Saturday, 12 December 2015

Roundabout

I've been wandering around with a GPS-based capture-the-flag game lately (more on that elsewhere), so ended up wandering west on Lakeshore yesterday up to the Expo, then back home through Coronation Park and Little Norway Park.

But I ended up going behind things and around things I don't normally bother to.  There are some sculptures... or art or something behind the newer condo building at Lakeshore and Dan Leckie.  I've not seen them at night, but I think they'd be awesome if they lit up then:


They kind of remind me of big clay beads, in their way.

On the west end of them they're still working on the old Loblaw headquarters at the corners of Bathurst and Fleet and Lakeshore.  It looks much the same as always from the front, but from the back you can see the gutting:


It's a super busy worksite.  I'm very glad I don't live right next to it as so many do.  (And especially so seeing how the construction plans call for a 41-storey tower to be built in this otherwise mid-rise area.)  Here's a concept drawing of what the ground floor area will look like that's posted outside the site:



On the other side is the toy soldier statues, which I always feel are kind of Christmas feeling.



but maybe shouldn't - they're a memorial to the War of 1812 after all.

Plaque reads:
DOUGLAS COPELAND
Monument to the War of 1812
Two abandoned toy soldiers pay tribute to Toronto's history in this artwork.
Without Fort York there would have been no Canada - the British would have
lost Canada to the Americans in the War of 1812, and Canada
would have been absorbed into the United States.
Commissioned by Malibu Investments
and unveiled by
Deputy Mayor Joe Pantalone
November 2008
I feel like that could have been better written, but there you go.  Product of a committee, I'm sure.

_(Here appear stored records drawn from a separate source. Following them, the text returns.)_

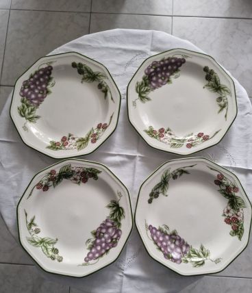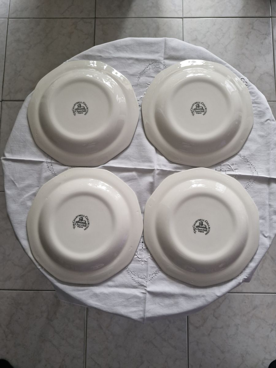 4 anciennes assiettes à dessert vintage années 1970 en céramique anglaise de la prestigieuse manufacture Churchill England, The Chartwell Collection.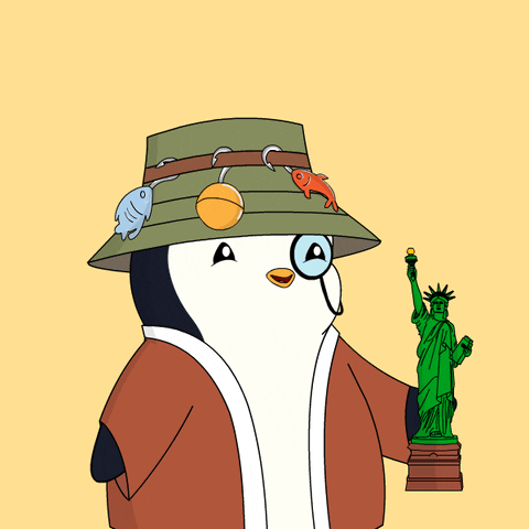 A cartoon Pudgy Penguin, wearing a fishing hat and monocle, proudly holds a miniature Statue of Liberty.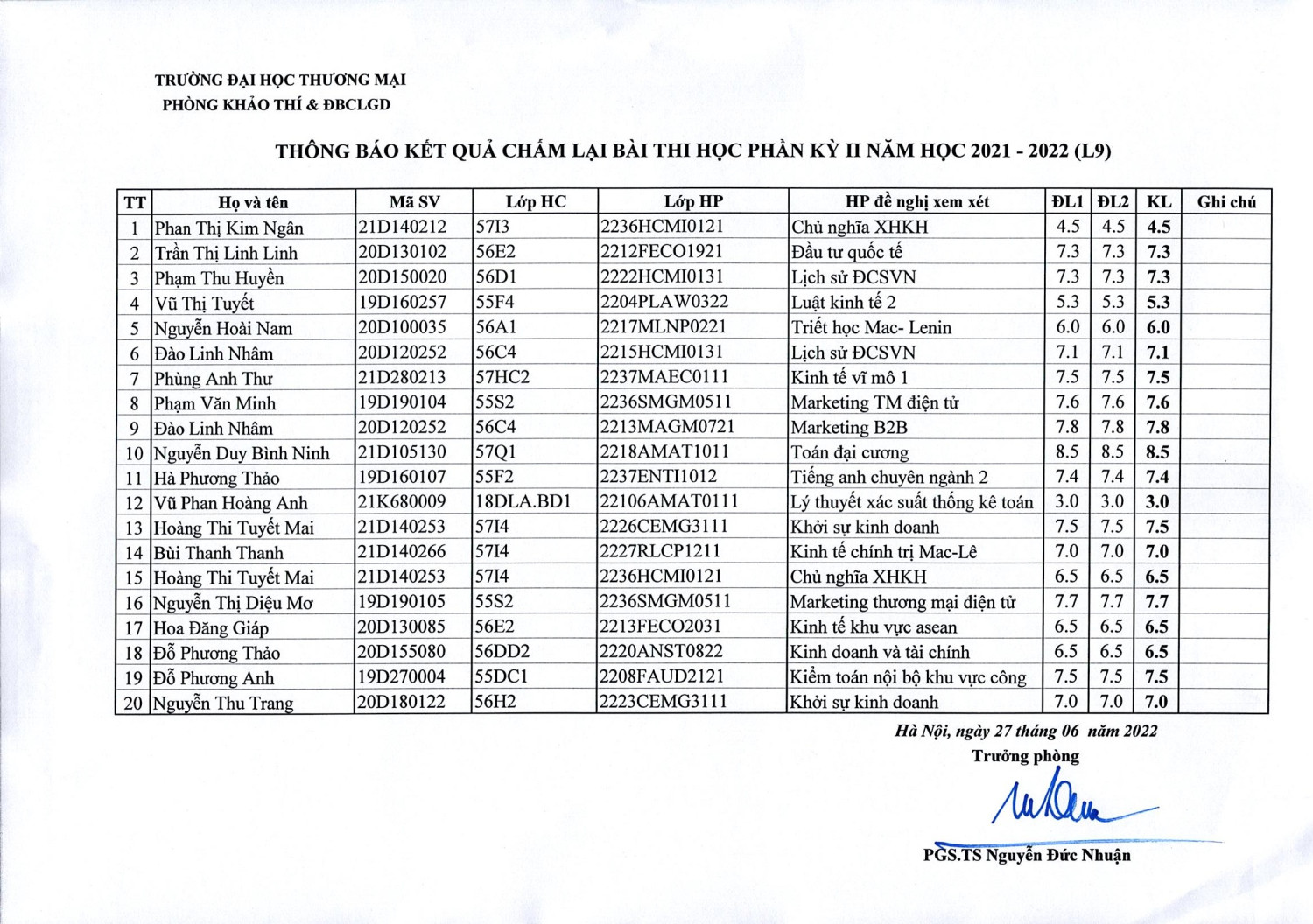 Thông báo kết quả chấm lại bài thi học phần kỳ II năm học 2021-2022 (L9 )

Further along, I visited the old lighthouse.


And even further along, Exposition Place's Princess Gate, replete with Nike (though it's almost impossible to get a photo of the thing without streetlights, electrical wires, and condos getting in the way of the shot, so... sorry for the badly placed street light).


There really wasn't much to see in Coronation Park yesterday though - the park was mostly empty except for the offleash area which was full of playing dogs, so that was nice.  Back through Little Norway Park, I spotted this fellow being very suspicious of me and my little dog.



Friday, 11 December 2015

Seeds and Boats

The middle part of this past week has been really gloomy, but at least warm enough I could stand to have my hands out of my pockets to take photos.

The garden is getting all dried out, but that makes for some pretty seed bits:


And I was out at all of 3:30 the other afternoon and noticed it was already dark enough that lights were coming on.  Yeesh.  The Jubilee Queen was also all lit up and getting ready for a dinner:


More to come, so long as the warmer weather holds...

Thursday, 3 December 2015

December So Soon

Wow, it's December already.  In the mad end-of-term rush, I've nearly forgotten to take photos.  Nearly, but not entirely.

I was on the second floor roof of the St. James campus today.  This is the rooftop:


And this is what can be seen in the opposite direction:


That's the corner of King and George, and I'm really surprised it's not been taken over by some massive condo residence by now.

And this photo I took last month:



The sign was put up in response to this ugly atrocity of a fence.